● **What the task requires**: Would you please transcribe, exactly as written, the lines of the entries below starting at the one that holds "日线图中,澳元兑日元报103" and ending at the one that holds "圖為西藏自治區(qū)日喀則", both included?
══ Source data
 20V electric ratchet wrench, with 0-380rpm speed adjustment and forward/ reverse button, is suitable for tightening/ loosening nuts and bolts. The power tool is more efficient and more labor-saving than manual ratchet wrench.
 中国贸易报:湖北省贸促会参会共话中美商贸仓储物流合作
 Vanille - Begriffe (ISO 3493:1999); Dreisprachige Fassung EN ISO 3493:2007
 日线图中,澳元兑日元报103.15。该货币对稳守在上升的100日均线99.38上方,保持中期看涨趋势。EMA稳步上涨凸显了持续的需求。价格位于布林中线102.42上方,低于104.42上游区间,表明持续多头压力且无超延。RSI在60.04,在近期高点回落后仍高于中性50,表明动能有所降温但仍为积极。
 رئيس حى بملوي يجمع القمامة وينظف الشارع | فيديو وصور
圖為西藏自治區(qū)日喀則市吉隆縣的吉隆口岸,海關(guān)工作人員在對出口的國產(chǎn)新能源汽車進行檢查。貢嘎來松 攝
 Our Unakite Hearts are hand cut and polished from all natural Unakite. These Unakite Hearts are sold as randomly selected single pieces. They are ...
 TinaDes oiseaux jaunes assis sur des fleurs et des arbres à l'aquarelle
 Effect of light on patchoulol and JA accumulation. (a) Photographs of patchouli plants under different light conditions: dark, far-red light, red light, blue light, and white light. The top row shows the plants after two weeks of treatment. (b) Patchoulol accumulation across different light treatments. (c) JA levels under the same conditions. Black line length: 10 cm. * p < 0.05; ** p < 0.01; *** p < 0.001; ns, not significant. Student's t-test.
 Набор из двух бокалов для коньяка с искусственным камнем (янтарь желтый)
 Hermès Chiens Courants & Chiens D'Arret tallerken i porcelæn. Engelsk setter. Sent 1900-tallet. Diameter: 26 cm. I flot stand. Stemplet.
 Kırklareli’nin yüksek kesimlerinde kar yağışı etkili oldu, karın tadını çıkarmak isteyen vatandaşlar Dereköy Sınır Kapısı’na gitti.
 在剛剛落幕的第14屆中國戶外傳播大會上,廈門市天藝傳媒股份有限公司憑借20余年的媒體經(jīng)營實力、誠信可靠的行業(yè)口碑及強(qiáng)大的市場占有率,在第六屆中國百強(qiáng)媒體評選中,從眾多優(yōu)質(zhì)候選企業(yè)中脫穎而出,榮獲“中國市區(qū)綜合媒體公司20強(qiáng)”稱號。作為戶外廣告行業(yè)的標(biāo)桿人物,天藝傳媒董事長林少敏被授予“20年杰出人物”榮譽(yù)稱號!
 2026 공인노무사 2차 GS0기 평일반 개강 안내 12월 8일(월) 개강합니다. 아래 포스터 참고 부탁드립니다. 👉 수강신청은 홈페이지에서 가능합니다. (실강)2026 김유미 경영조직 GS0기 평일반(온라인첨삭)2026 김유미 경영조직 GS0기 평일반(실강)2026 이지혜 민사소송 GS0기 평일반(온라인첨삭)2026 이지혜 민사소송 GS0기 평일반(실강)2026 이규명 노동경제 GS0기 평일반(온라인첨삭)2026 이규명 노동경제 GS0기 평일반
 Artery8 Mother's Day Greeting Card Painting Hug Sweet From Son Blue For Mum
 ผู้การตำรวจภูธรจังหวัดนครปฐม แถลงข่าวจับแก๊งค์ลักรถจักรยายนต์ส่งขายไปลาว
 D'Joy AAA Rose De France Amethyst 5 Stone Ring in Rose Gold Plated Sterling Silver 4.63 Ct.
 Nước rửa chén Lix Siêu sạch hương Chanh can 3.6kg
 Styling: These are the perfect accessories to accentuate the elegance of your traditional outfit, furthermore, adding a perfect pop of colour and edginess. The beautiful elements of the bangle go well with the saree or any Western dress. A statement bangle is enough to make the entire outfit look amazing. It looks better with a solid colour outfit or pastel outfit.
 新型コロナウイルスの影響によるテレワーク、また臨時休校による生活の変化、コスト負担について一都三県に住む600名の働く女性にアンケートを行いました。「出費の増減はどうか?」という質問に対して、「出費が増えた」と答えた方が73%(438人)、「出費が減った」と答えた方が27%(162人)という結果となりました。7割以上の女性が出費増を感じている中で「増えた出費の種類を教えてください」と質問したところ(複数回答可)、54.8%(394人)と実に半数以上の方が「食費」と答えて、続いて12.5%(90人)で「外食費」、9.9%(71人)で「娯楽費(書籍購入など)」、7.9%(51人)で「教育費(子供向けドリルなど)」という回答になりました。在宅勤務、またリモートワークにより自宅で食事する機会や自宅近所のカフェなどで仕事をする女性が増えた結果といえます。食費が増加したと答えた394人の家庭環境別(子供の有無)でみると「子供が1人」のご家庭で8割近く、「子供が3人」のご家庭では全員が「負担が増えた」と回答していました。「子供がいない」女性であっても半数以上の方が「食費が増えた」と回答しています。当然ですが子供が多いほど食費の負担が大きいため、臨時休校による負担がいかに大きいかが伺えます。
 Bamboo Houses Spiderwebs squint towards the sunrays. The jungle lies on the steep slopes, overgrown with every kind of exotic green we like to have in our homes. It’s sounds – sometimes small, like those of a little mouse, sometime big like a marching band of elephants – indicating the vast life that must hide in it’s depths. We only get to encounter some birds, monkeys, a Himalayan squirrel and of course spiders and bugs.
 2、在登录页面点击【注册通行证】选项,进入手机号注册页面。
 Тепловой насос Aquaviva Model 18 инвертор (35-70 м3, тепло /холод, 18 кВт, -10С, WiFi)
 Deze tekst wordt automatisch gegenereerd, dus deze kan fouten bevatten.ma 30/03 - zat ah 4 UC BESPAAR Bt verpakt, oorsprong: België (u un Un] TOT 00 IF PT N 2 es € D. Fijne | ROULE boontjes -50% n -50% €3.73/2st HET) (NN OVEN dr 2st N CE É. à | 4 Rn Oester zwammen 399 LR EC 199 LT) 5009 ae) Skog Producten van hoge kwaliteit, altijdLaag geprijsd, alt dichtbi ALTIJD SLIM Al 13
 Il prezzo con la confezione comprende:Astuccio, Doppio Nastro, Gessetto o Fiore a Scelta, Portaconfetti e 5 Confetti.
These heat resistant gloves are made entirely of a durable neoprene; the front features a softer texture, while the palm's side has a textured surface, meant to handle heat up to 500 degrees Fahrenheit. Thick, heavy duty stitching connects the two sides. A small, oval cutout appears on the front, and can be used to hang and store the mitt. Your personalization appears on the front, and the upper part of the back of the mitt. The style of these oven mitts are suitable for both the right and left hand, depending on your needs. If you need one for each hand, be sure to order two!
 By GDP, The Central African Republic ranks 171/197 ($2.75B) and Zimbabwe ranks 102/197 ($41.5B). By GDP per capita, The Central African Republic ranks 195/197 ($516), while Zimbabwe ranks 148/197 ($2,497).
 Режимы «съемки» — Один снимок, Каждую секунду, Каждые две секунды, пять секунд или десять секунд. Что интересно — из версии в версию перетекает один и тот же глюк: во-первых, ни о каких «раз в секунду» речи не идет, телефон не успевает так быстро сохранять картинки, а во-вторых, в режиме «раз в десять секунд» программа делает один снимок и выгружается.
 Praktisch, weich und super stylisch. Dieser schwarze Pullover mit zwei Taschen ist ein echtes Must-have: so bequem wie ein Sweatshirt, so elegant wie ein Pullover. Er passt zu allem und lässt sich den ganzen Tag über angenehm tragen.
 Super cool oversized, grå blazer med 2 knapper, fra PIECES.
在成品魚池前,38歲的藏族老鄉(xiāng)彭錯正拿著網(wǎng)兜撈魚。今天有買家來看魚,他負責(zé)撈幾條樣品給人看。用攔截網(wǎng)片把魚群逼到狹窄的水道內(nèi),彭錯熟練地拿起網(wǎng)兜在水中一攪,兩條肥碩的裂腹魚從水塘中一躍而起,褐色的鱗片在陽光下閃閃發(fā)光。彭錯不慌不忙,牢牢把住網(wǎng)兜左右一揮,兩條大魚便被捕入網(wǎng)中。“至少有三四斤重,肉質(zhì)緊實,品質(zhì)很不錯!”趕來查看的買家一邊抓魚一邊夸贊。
════
● **Answer space**:
 日线图中,澳元兑日元报103.15。该货币对稳守在上升的100日均线99.38上方,保持中期看涨趋势。EMA稳步上涨凸显了持续的需求。价格位于布林中线102.42上方,低于104.42上游区间,表明持续多头压力且无超延。RSI在60.04,在近期高点回落后仍高于中性50,表明动能有所降温但仍为积极。
 رئيس حى بملوي يجمع القمامة وينظف الشارع | فيديو وصور
圖為西藏自治區(qū)日喀則市吉隆縣的吉隆口岸,海關(guān)工作人員在對出口的國產(chǎn)新能源汽車進行檢查。貢嘎來松 攝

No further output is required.